Une pandémie peut en cacher une autre

Une pandémie peut en cacher une autre

Mardi 23 juin 2020, par Damien Loup

Après le coronavirus, la grippe aviaire ?

Alors qu’on peinait à voir l’urgence d’une telle adoption dans le contexte d’une crise sanitaire, économique et politique que nous traversons, la loi « visant à lutter contre les contenus haineux sur internet » a été définitivement votée le 13 mai 2020 par le Parlement. Sous couvert de prévenir la diffusion de propos incitant à la haine et à la discrimination, ce texte imposait aux hébergeurs de sites internet et de réseaux numériques, sous peine de sanctions pénales, une obligation de retrait de tout contenu signalé comme haineux dans un délai de 24 heures, délai ramené à une heure (sic.) en matière de provocation à des actes terroristes ou d’apologie de tels actes ainsi que de diffusion des images pédopornographique.

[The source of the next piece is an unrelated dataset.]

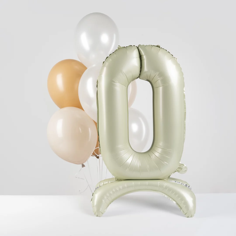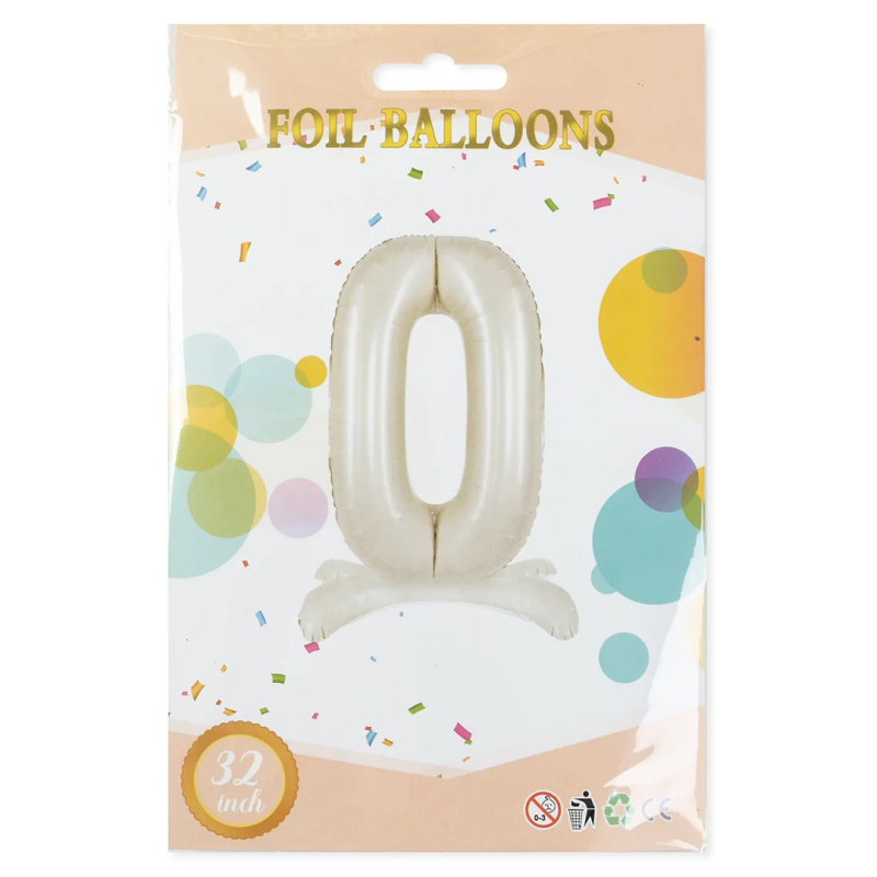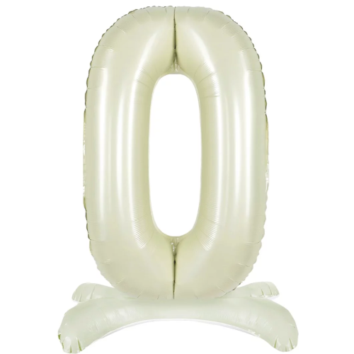 Шар (32''/81 см) Цифра на подставке, 0, Белый песок, 1 шт. в уп., 27510

Un dispositif légal qui, en ne prévoyant aucun contrôle d’un juge, aboutissait en réalité à conférer à des entreprises privées comme Facebook ou Google un véritable pouvoir de censure : eu égard au caractère particulièrement imprécis et extensif des notions de « contenu haineux » et, plus encore, d’apologie de terrorisme, et au délai particulièrement bref prévu par la loi, il était en effet fort à craindre que les opérateurs, pour éviter toute mise en cause de leur responsabilité pénale, n’en viennent à censurer tous les contenus qui leur seraient signalés. Une arme dont on imagine la portée dévastatrice à l’heure où l’on assiste au retour en force de la censure sous toutes ses formes.

Une fois n’est pas coutume et avec un remarquable sens historique, le conseil constitutionnel a, le 18 juin 2020, censuré la quasi-totalité de ce dispositif, relevant que « le législateur a porté à la liberté d’expression et de communication une atteinte qui n’est pas adaptée, nécessaire et proportionnée au but poursuivi ».

Si on ne peut que se réjouir de cette déclaration d’inconstitutionnalité, on ne peut que regretter qu’une fois encore, au risque d’alimenter la rhétorique réactionnaire sur le prétendu gouvernement des juges, ce soit au Conseil constitutionnel qu’il ait incombé de rappeler la nécessité de protéger la liberté d’expression. Une situation qui, s’il était encore besoin, souligne la profonde immaturité démocratique de notre société. Dans une société où la liberté est le principe, ce n’est pas en prétendant que les opinions les plus dérangeantes ne doivent pas exister mais, bien au contraire, en les soumettant au débat d’idées, qu’on les combat efficacement.